Any complex product will have a variety of configuration options. Depending upon the number of choices in parts or components in your system the possible combinations can become staggering. The most common mistake made in attempting to reduce this complexity is to create a series of order numbers with a particular combination. The idea of making these pre-configured options is typically done without a great deal of thought about what the end result will become: a very long list of SKUs.
The intention was good: “let’s make it easy to order for our customers,” while the results typically are not so good: “I can’t decide which one of the 60 models I really need!”
Of course the other reality is that frequently the real convenience is being designed for back office operations. This should be a goal, but the real goal is to eliminate any difficulty for your customer to order not just your product, but the right version or configuration of your product. If you have a product model that is ordered and requires a custom adjustment because it doesn’t fit your customers needs, this is your indicator that you solved the wrong problem or that you didn’t solve the problem of complexity at all. In fact, you increased the number of steps for your customers, your sales team, and your back office team. When your operation is small this might work. As you grow this will amplify into lost revenue, poor customer service, and a real drain on the time of your entire work force. You will also have created one or more bottlenecks. Email chains regarding the variations will be created and at any given point the person who needs to make the adjustment may not be at her desk. If two or more people are required to intervene, or worse, just want to weigh in then things really get out of control. There is no excuse for a startup company to let this happen. None. Zero. Zip.
So how on earth can a combined configuration and quote system help to prevent this? Because to build it you will be forced to think through all the possibilities. As you do this you will realize there are far too many combinations to create a model for each customer’s environment. You will eliminate the inflexible spreadsheet models of your margins that contain all the wisdom of the CFO and which is sacred and disconnected from the other five systems you are running and that requires a constant stream of communications for exceptions, sales promotions, etc. In other words, you will have to create a real system that uses simple formulas to create ranges of options and will calculate in real time what it all means to the bottom line. You can’t buy this off the shelf no matter what you heard from any CRM vendor. Save time, money, and learn more about your own business by developing your own model. Then use the tools that are best suited to your environment to get the job done. Typically this can be housed with any SQL server. Free is good, supported is fine.

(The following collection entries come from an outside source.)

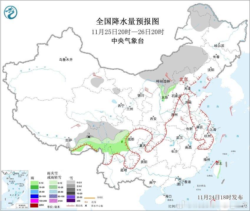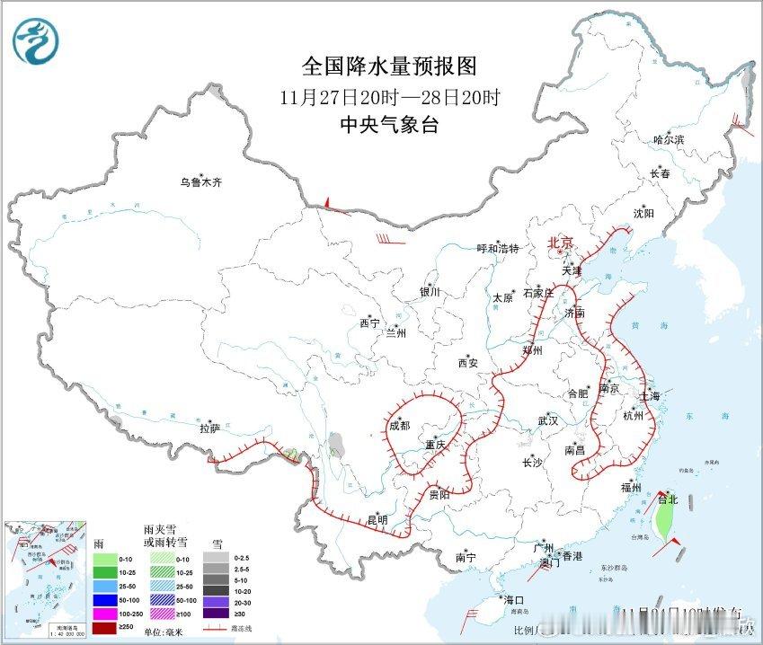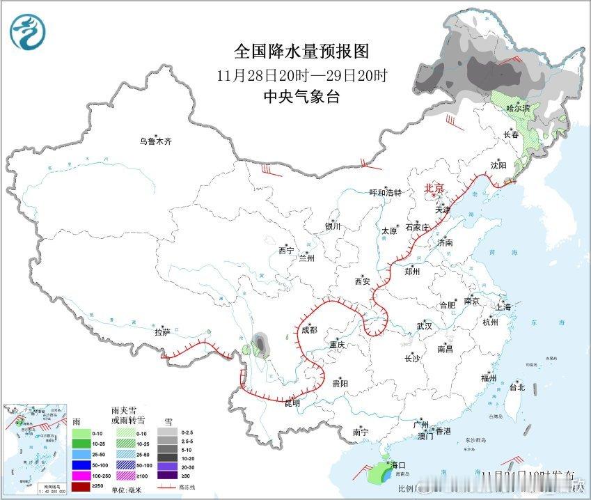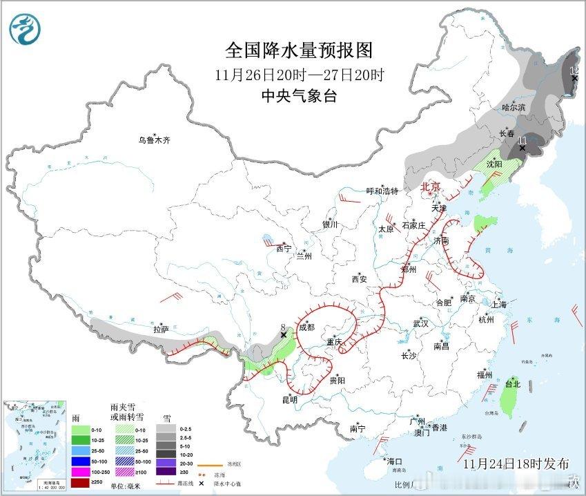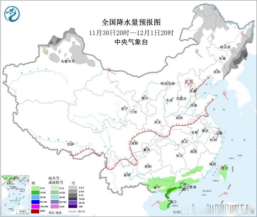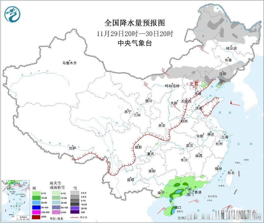 【降水】昨晚到今天,甘肃、内蒙古等地出现降雪。这轮冷空气导致的降雪,今晚到明天在东北收尾。同时,明天新一股冷空气带来,新疆北部又将出现降雪。这股冷空气未来也会东移,26日内蒙古中东部、27日东北一带也会有降雪,其中27日黑龙江东部和吉林东部可能有大雪-暴雪。28日降水很少,不过29-30日因为又一股冷空气到来,内蒙古和东北地区还有降雪。这个降雪的强度,近期数值预报并不稳定,要根据后期临近高空槽和地面气旋发展情况来修订。此外,11月30日-12月1日华南有可能出现一些降雨。这个是因为低空冷空气南下和副热带高压北侧暖湿气流交汇导致。
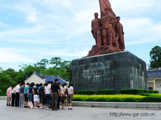 在南湖公園烈士紀(jì)念碑向烈士敬獻(xiàn)花圈。副調(diào)研員、教授級(jí)高工陳旭能(第2排右)、院總會(huì)計(jì)師張桂珍(第2排左)
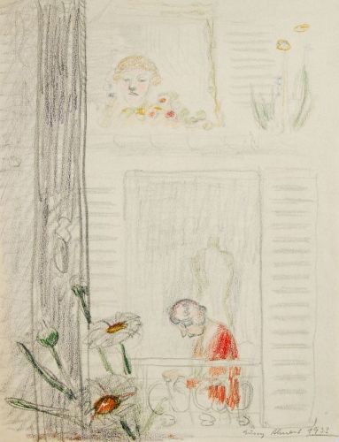 Die Blätter entstammen einem Skizzenbuch der Künstlerin und illustrieren das Pariser Straßenleben mit seinen Clochards, Booten auf der Seine und Cafészenen.
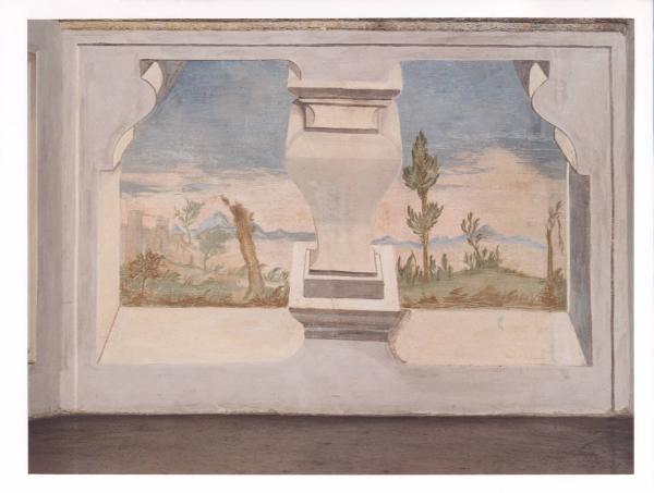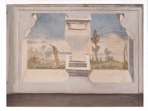- NOTIZIE STORICO CRITICHE Affresco a tema paesaggistico. Il repertorio utilizzato è piuttosto ordinario, anche se piacevole nel suo complesso.
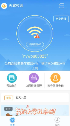 天翼校园app是一款专门管理网络连接的软件,本软件可以帮助用户快速连接校园网络,帮助诊断网络状况和速度,给校园用户提供一个安全快速的上网环境。
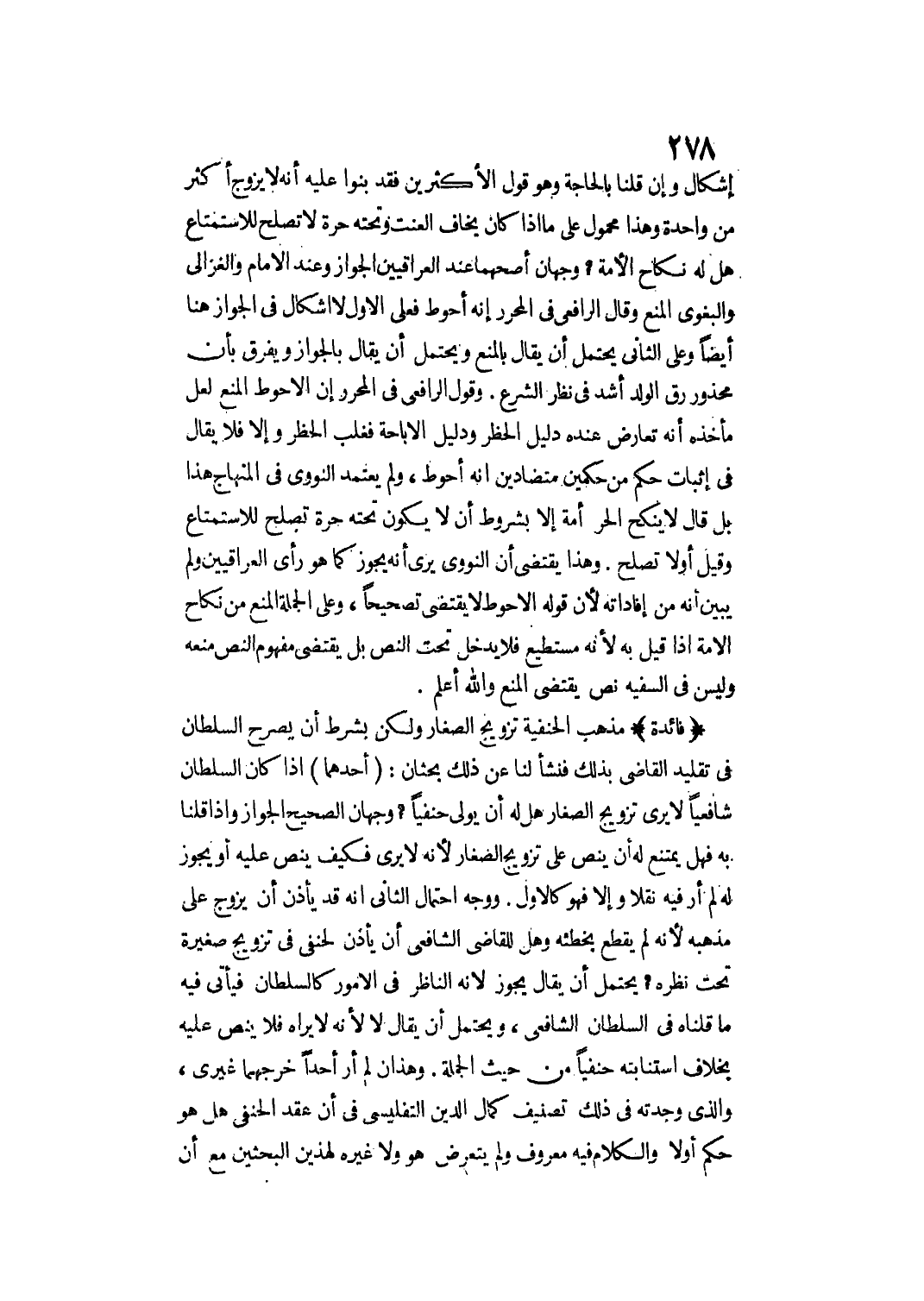 إشْكَالَ، وَإِنْ قُلْنَا بِالْحَاجَةِ وَهُوَ قَوْلُ الْأَكْثَرِينَ فَقَدْ بَنَوْا عَلَيْهِ أَنَّهُ لَا يُزَوَّجُ أَكْثَرَ مِنْ وَاحِدَةٍ وَهَذَا مَحْمُولٌ عَلَى مَا إذَا كَانَ يَخَافُ الْعَنَتَ وَتَحْتَهُ حُرَّةٌ لَا تَصْلُحُ لِلِاسْتِمْتَاعِ هَلْ لَهُ نِكَاحُ الْأَمَةِ؟ وَجْهَانِ أَصَحُّهُمَا عِنْدَ الْعِرَاقِيِّينَ الْجَوَازُ وَعِنْدَ الْإِمَامِ وَالْغَزَالِيِّ وَالْبَغَوِيِّ الْمَنْعُ وَقَالَ الرَّافِعِيُّ فِي الْمُحَرَّرِ: إنَّهُ أَحْوَطُ فَعَلَى الْأَوَّلِ لَا إشْكَالَ فِي الْجَوَازِ هُنَا أَيْضًا وَعَلَى الثَّانِي يَحْتَمِلُ أَنْ يُقَالَ بِالْمَنْعِ وَيَحْتَمِلُ أَنْ يُقَالَ بِالْجَوَازِ وَيُفَرَّقُ بِأَنَّ مَحْذُورَ رَقِّ الْوَلَدِ أَشَدُّ فِي نَظَرَ الشَّرْعِ.
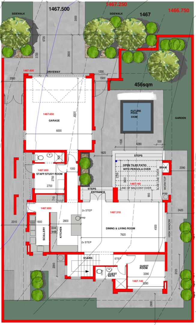 The ground level features an open-concept layout including a modern kitchen with a separate scullery, a spacious dining area, and a comfortable living room with direct access to the sparkling pool. A private guest bedroom with a nearby bathroom provides ideal accommodation for visitors, and a versatile additional room can serve as either staff quarters or a home office/study.
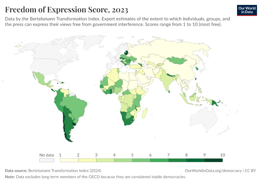 “Data Page: Freedom of Expression Score”, part of the following publication: Bastian Herre, Lucas Rodés-Guirao, and Esteban Ortiz-Ospina (2013) - “Democracy”. Data adapted from Bertelsmann Transformation Index. Retrieved from https://region-dods-income-groups.owid.pages.dev/grapher/freedom-of-expression-score-bti [online resource]How to cite this data
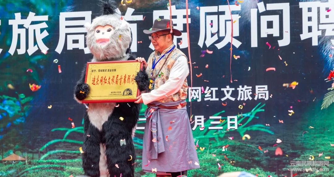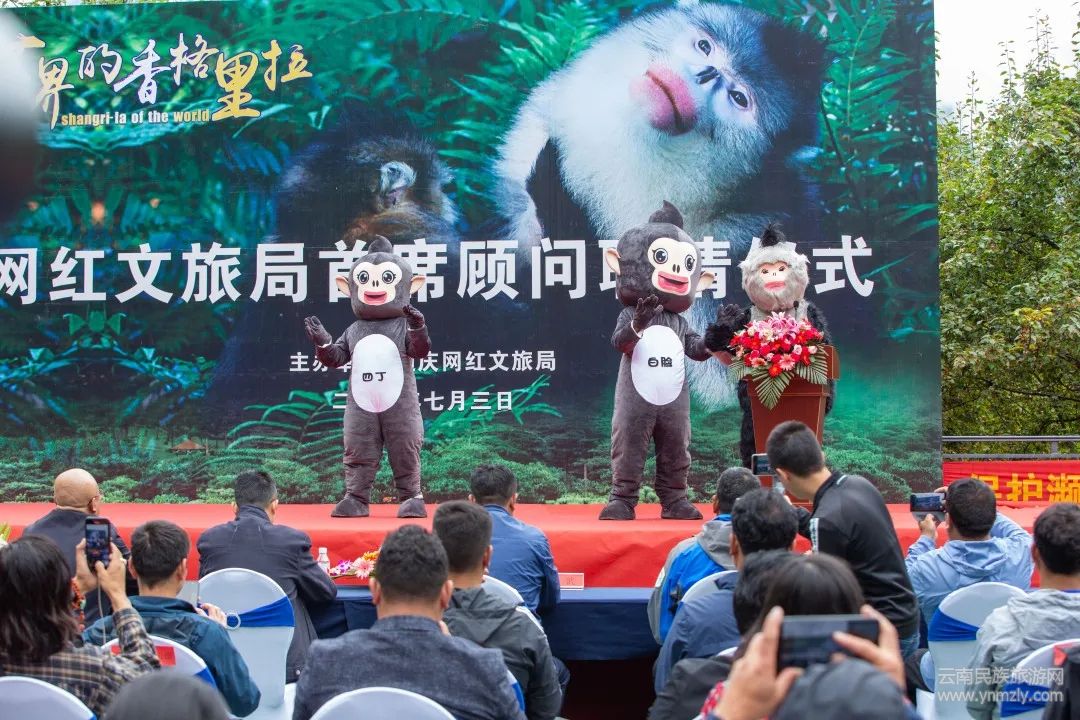 7月3日,在由迪慶州文化和旅游局、迪慶州旅游集團(tuán)主辦的“世界的香格里拉”網(wǎng)紅文旅局首席顧問聘請(qǐng)儀式上,可愛的滇金絲猴多了一個(gè)新身份——“網(wǎng)紅文旅局”首席顧問。

The total amount of data required to track customer sales, contacts, etc. is in reality a very small amount of information. Where your data is getting bloated is with metadata, document repositories, duplication of information into silos, etc. Gluing it all together can seem pretty daunting. But, if you plan carefully it doesn’t have to be hard. Once you complete a sensible model and a database schema to house your data you can create the views and reports necessary for each stage of the process. You won’t have people doing double and triple entry of the same information. Keep your sales people selling. Order the right equipment. Always know your margin of profitability in real time.